Entries taken from a collection:

BEGIN

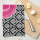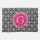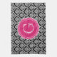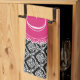 Black Floral Damask Pattern Hot Pink Monogram Towel
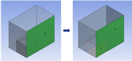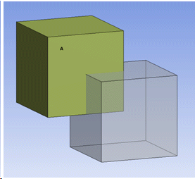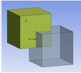 Two boxes are present in a single part as frozen bodies as shown below. Named Selection A is created for a single face of the larger box. After Share Topology, Named Selection A tracks the small shared face as well as the larger face, which are derived or created from the larger selected parent face.
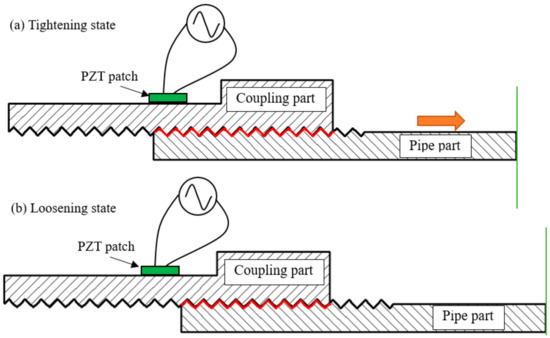 For a threaded pipe connection, looseness always occurs with a decrease of the contact area of the thread interface between the coupling and pipes, as shown in Figure 3. Due to the change in the contact area, the variation of the structural mechanical properties, including the structural stiffness and damping ratio, will directly influence the mechanical impedance of the host structure. According to the PZT-driven impedance model introduced in Section 2.2, when a PZT patch is surface bonded onto the coupling of the threaded pipe connection, the PZT electrical impedance signature is coupled with the mechanical impedance of the host structure. Therefore, the looseness of the threaded pipe connection can be determined by monitoring the variation of the electrical impedance signatures of the PZT patch.
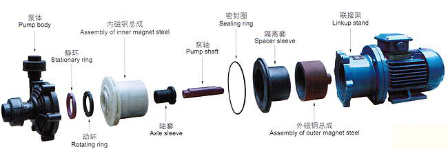 塑料磁力泵以靜密封取代動(dòng)密封,使泵的過流部件處于完全密封狀態(tài),徹底解決了其它泵的機(jī)械密封無法避免的跑,冒,滴之蔽病,磁力泵選用耐腐蝕,鋼玉陶磁,增強(qiáng)聚丙稀作為制造材料,因此它具有良好的抗腐蝕性能,并可以使實(shí)輸送介質(zhì)免受污染。
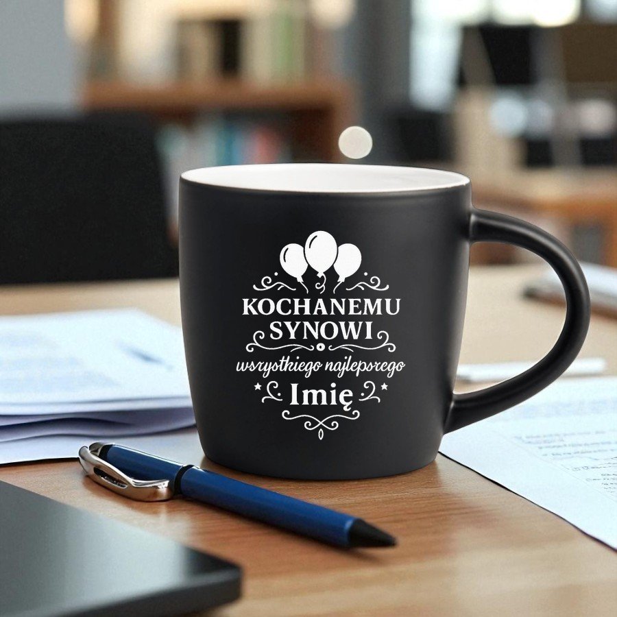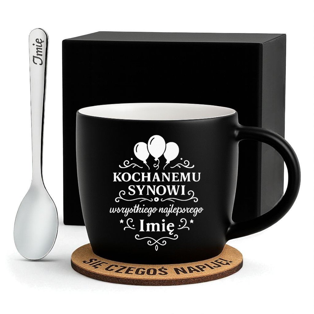 Kubek Personalizowany z Imieniem Czarny + Łyżeczka i Podkładka Zestaw dla Syna v.1
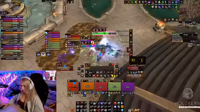01:52:54Es erfolgen mehrere Danksagungen für Resubscriptions und Spenden, darunter an 'Dr. Banana' und 'Slickes'. Die Gruppe bespricht Kicks und Interrupts während der Kämpfe, wobei die korrekte Anwendung von Fähigkeiten wie 'AOE-Kick' analysiert wird. Ein Vorfall mit einem 'Bleeding'-Effekt wird thematisiert, und die Gruppe plant, den nächsten Pull mit optimierten Controllen durch Mage-Spieler durchzuführen. Die Notwendigkeit von schnellem Reagieren auf Gruppenänderungen wird betont.
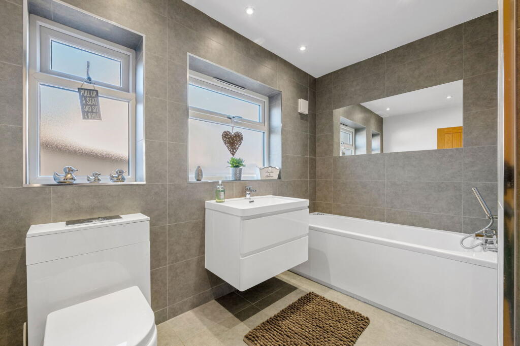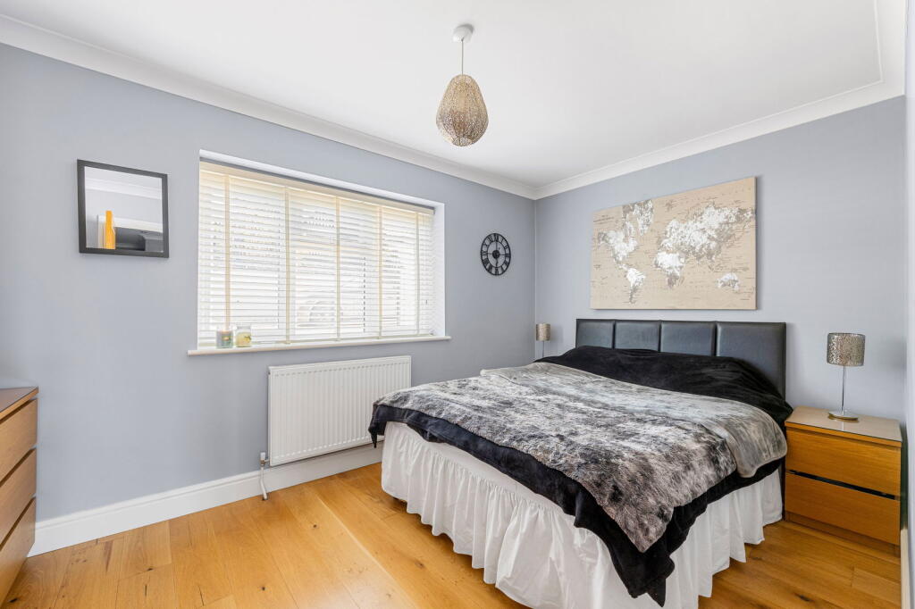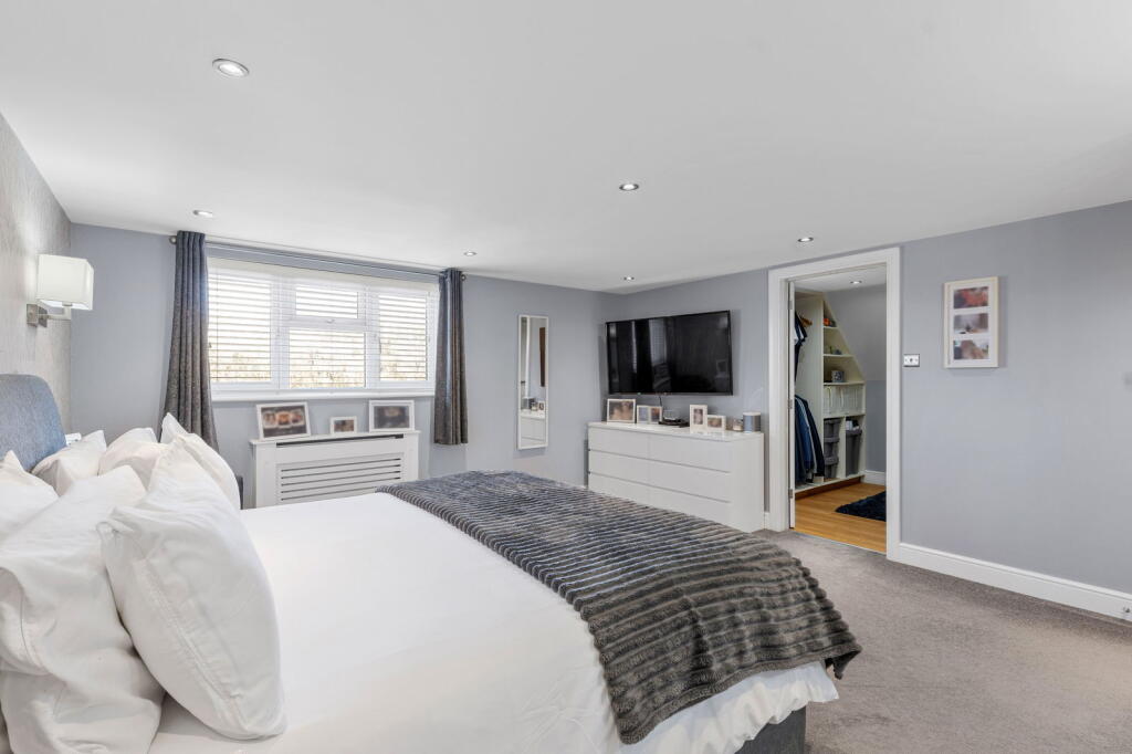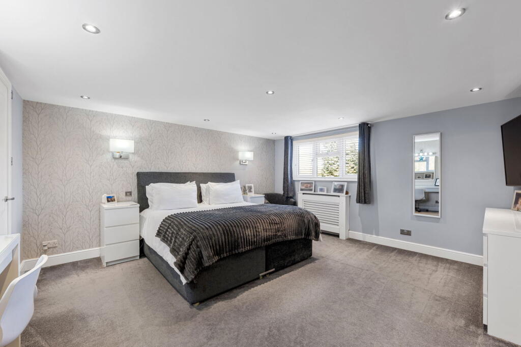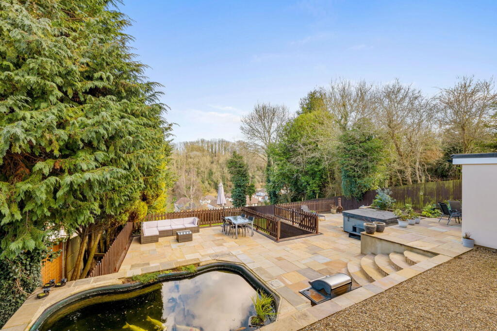 The property is located on Searchwood Road, Warlingham, Surrey, a suburb with good access to nearby towns and villages. The area benefits from relatively easy access to transport links via Upper Warlingham station, which is within walking distance according to the provided data, making commuting to London and other areas more convenient. The presence of several well-regarded schools within a reasonable distance further enhances the desirability of the location for families. The photos show a well-maintained garden, adding to the property’s appeal.
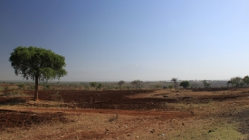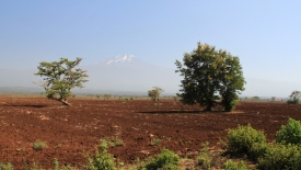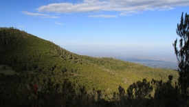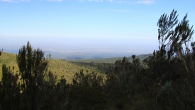 Au loin, la plaine, la ville de Moshi et un lac (le Nyumba ya Mungu Reservoir).
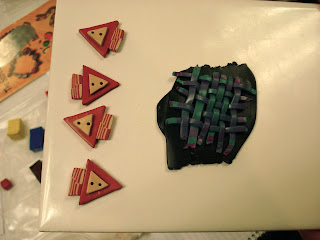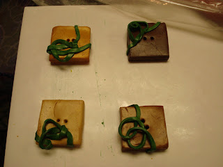 I seem to have collected three pasta makers and did demonstrations of just plain conditioning and mixing and also the Skinner method of blending two colours. Unfortunately the toaster oven I had been lent had no thermostat and many of the buttons over baked, even though I stood over the damned thing!!!
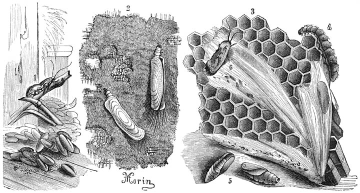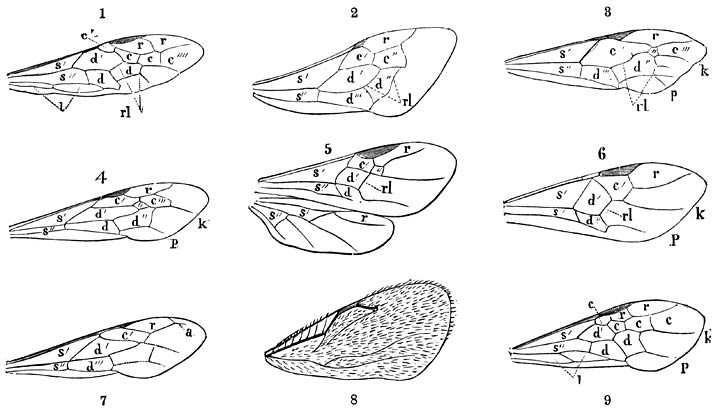 Fign. 1–5: Monddeelen van Bijen en Wespen: 1) Kop van de Honigbij van voren gezien.—2) Kop van den Aardhommel van onderen gezien.—3) Monddeelen van een Graafbij (Andrena labialis).—4) Monddeelen van de Groote Berkenbladwesp (Cimbex variabilis).

END

# Problem statement
Please reproduce every record exactly as written, excluding the pictures.

# Reply
 Black Floral Damask Pattern Hot Pink Monogram Towel
 Two boxes are present in a single part as frozen bodies as shown below. Named Selection A is created for a single face of the larger box. After Share Topology, Named Selection A tracks the small shared face as well as the larger face, which are derived or created from the larger selected parent face.
 For a threaded pipe connection, looseness always occurs with a decrease of the contact area of the thread interface between the coupling and pipes, as shown in Figure 3. Due to the change in the contact area, the variation of the structural mechanical properties, including the structural stiffness and damping ratio, will directly influence the mechanical impedance of the host structure. According to the PZT-driven impedance model introduced in Section 2.2, when a PZT patch is surface bonded onto the coupling of the threaded pipe connection, the PZT electrical impedance signature is coupled with the mechanical impedance of the host structure. Therefore, the looseness of the threaded pipe connection can be determined by monitoring the variation of the electrical impedance signatures of the PZT patch.
 塑料磁力泵以靜密封取代動(dòng)密封,使泵的過流部件處于完全密封狀態(tài),徹底解決了其它泵的機(jī)械密封無法避免的跑,冒,滴之蔽病,磁力泵選用耐腐蝕,鋼玉陶磁,增強(qiáng)聚丙稀作為制造材料,因此它具有良好的抗腐蝕性能,并可以使實(shí)輸送介質(zhì)免受污染。
 Kubek Personalizowany z Imieniem Czarny + Łyżeczka i Podkładka Zestaw dla Syna v.1
01:52:54Es erfolgen mehrere Danksagungen für Resubscriptions und Spenden, darunter an 'Dr. Banana' und 'Slickes'. Die Gruppe bespricht Kicks und Interrupts während der Kämpfe, wobei die korrekte Anwendung von Fähigkeiten wie 'AOE-Kick' analysiert wird. Ein Vorfall mit einem 'Bleeding'-Effekt wird thematisiert, und die Gruppe plant, den nächsten Pull mit optimierten Controllen durch Mage-Spieler durchzuführen. Die Notwendigkeit von schnellem Reagieren auf Gruppenänderungen wird betont.
 The property is located on Searchwood Road, Warlingham, Surrey, a suburb with good access to nearby towns and villages. The area benefits from relatively easy access to transport links via Upper Warlingham station, which is within walking distance according to the provided data, making commuting to London and other areas more convenient. The presence of several well-regarded schools within a reasonable distance further enhances the desirability of the location for families. The photos show a well-maintained garden, adding to the property’s appeal.
 Au loin, la plaine, la ville de Moshi et un lac (le Nyumba ya Mungu Reservoir).
 I seem to have collected three pasta makers and did demonstrations of just plain conditioning and mixing and also the Skinner method of blending two colours. Unfortunately the toaster oven I had been lent had no thermostat and many of the buttons over baked, even though I stood over the damned thing!!!
 Fign. 1–5: Monddeelen van Bijen en Wespen: 1) Kop van de Honigbij van voren gezien.—2) Kop van den Aardhommel van onderen gezien.—3) Monddeelen van een Graafbij (Andrena labialis).—4) Monddeelen van de Groote Berkenbladwesp (Cimbex variabilis).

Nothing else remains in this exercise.